This study was conducted to observe the effects of crossbreeding and gender on the carcass traits and meat quality of Korean Native Black Pig (KNP) and KNP×Duroc crossbred (KNP×D). A total of 50 pigs comprising seven KNP barrows, eight KNP gilts, twenty KNP×D barrows and fifteen KNP×D gilts were used in this study. Animals were reared in the same housing condition with same feed diet for six months prior to slaughter. After an overnight chilling, the carcasses were graded, and samples of Musculus longissimus dorsi were obtained for meat quality analysis. The slaughter and carcass weights and dressing percentage of KNP×D were higher (p<0.001) than those of KNP. The slaughter and carcass weights and backfat thickness of barrows were higher (p<0.01) than those of gilts. There were no significant difference in carcass conformation and quality grade between KNP and KNP×D as well as barrow and gilt. Fat content of KNP×D was higher (p<0.001) than that of KNP. Fat content of barrow was higher (p<0.001) than that of gilt. There was interaction between crossbreeding and gender on the fat content. KNP gilt showed higher fat content than KNP barrow whereas KNP×D barrow showed higher fat content than KNP×D gilt. Lightness, redness, yellowness, chroma and hue angle values and color preference of meat of KNP×D were lower (p<0.001) than those of KNP. Redness, yellowness and chroma values of meat of barrow were lower (p<0.05) than those of gilt. It is concluded that crossbreeding KNP with Duroc increases carcass productivity and meat fat but decreases meat color values and preference. Crossbreeding of KNP with Duroc produces a better fat deposition in meat of barrows than in gilts.
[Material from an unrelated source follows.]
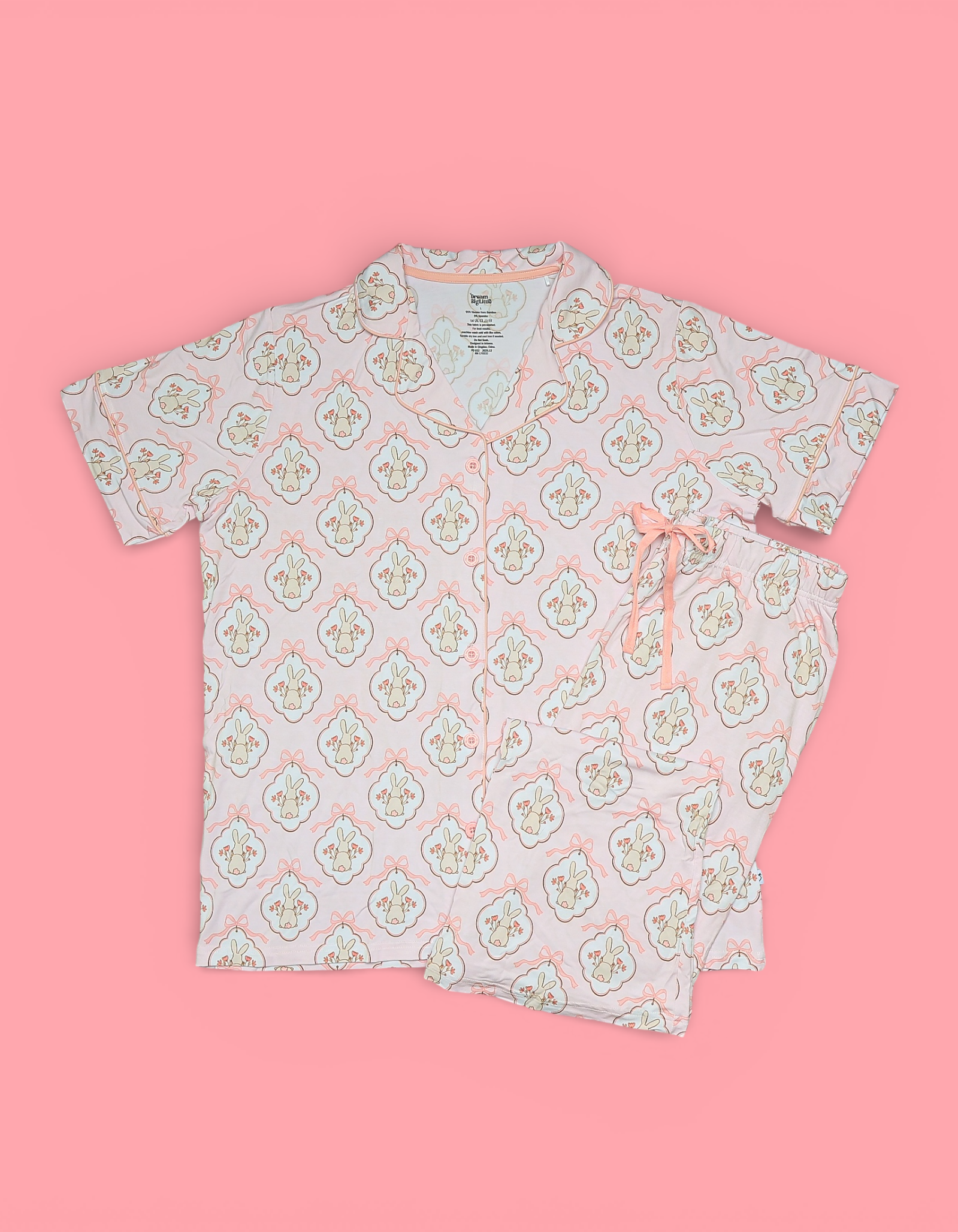 Sweet florals, pastel bows, and feminine comfort all in one. Our Bunny Bow Blossoms Women’s Dream Flare Set brings cozy elegance to springtime lounging with a soft, playful print that pairs perfectly with Easter mornings, matching moments, and slow days spent with your little bunnies. 🌿✨

Korean native black pig (KNP) is known for its high redness value and high content of intramuscular fat which are in high demand by consumers (Jin et al., 2001) and also its strong tolerance of diseases (RDA, 2001). However, due to its slow growth rate and light carcass weight, it has been crossbred with commercial breeds to improve its productivity (Park et al., 2007; Hwang et al., 2004; Kim et al., 2013).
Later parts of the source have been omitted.